Saturday, 28 July 2012

Arriving in Taiwan

 The flight was delayed, the train to Tainan I hoped to catch did not exist, and so I found myself in the High Speed Rail Station wondering what to do as the young woman on the ticket counter explained that the last train to Tainan had been over an hour ago.  To my surprise she then offered a number of helpful suggestions, she phoned my friend to explain the situation, and I ended up staying the first night in a Motel.  Yes, a proper Motel, just like the ones in countless films.  After the concrete, marble and glass of the station this switch was reminiscent of a temporal leap from hyper-modernity to 1960’s Americana.   


The journey to the Motel bordered on the surreal as the taxi driver, my friend’s cousin, and my friend via telephone tried to work out the address and we slowly drove around the empty roads.
These areas surrounding airports are intrinsically unsettling, with the numerous storage areas, industrial units, wide empty roads, empty hotels, and lack of any sign of habitation.  There was little indication aside from the road signs as to the location of this place, non-place, and I thought of the hinterland of Heathrow, of the areas of industrial sheds and navigation beacons set in fields that surrounded Speke Airport in Liverpool. 
The Motel was at the edge of the town and seemed to be for those driving long distances.  Or, indeed, for those who wished to drive to a place where they could be alone, for the term ‘motel’ can, I have been told, have the same connotations as the Japanese ‘love hotel’.  And it is easy to see what those are from the latter phrase.  With that in mind, I will leave you to speculate on the function of this chair.  

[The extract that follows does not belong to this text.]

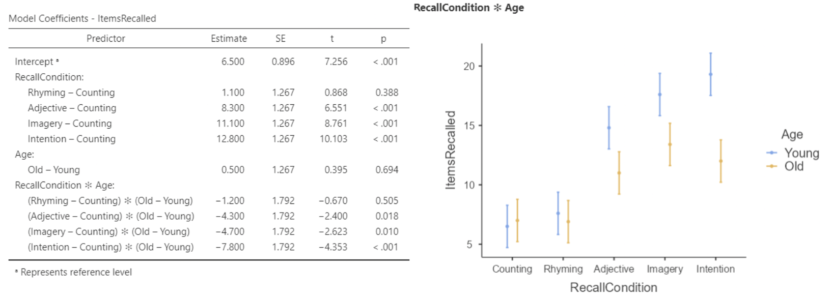 • So, when RecallCondition = Counting, the mean items recalled for Age = Old is larger than for Age = Young. But for all other recall conditions, the interaction slopes turn this negative, and mean items recalled is larger for younger participants.

The journey to Tainan on the High Speed Train was wonderful.  I love these trains, their space and comfort, the sight of the landscape from this speeding machine.  I love the announcements in, I presume, Mandarin, Taiwanese, and a strange American/English.  “We will now make a brief stop at…..”, as if you will have 25 seconds to get off before the train bullets out of the station, for nothing must stand in the way of the speeding progress.  I love the fact that the trains arrive within a few seconds of the time stated, and that they stop at exactly the right place marked on the platform for the carriage door.  None of that running down the platform laden with bags to find the door here.




And so to Dorm 1828, a newly refurbished hostel.  If you ever decide to explore the mountains of Taiwan, and Taiwan has some amazing mountains so I have discovered, then come here.  The place is comfortable, friendly, run by staff who know everything about ‘extreme sports’, and with an interior décor that is imaginative.  As a dedicated non-sports person who hides in books of philosophy I was fascinated by the experiences of the boss/owner, who, over a couple of bottles of the best beer I have ever had, told me tales of climbing up ice walls, and then explained the business model behind the enterprise.  For not only does she provide accommodation, and information, and guides to the wilder areas of Taiwan, but she also searches out Taiwanese designs, furniture predominantly, and by getting them used by the heavy hands of wandering back-packers, tests their functionality.  She also has a very clear idea of quality, and we shared a love of the ‘aesthetics of the everyday’, that is the quotidian beauty of the conduit leading the power cables through the building.  Dorm 1828 will be changing its name, but as I was told the new name at the end of the third bottle of beer, it has temporarily disappeared.






Tainan has some of the best cafes I have ever been in, and my friend informs me this is but the tip of an iceberg of comfortable coffee places where one can sit and read and muse all day.  One, which I have so far only visited briefly, is next door to a second-hand bookstore.  This is of course very dangerous, as I can see my store of books will begin to increase at every visit to the café.  Which, incidentally, is owned by the same person who owns the bookshop. 

In the cafes, as in the hostel, there is the use of recycled furniture, old cabinets from shops and houses, a variety of chairs and tables.  This interests me, and I am not yet certain as to what to think of this.  My impression at the moment is that this is a valuing of the past, of objects that speak of previous use and history, that is a counterbalance to the hyper-modernity and industrialisation of the cities.  I write this in one of the Houses for the Visiting Professors in the University.  Outside there is a long lake, and over it are five small bridges.  Three of these bridges date from the 13 century.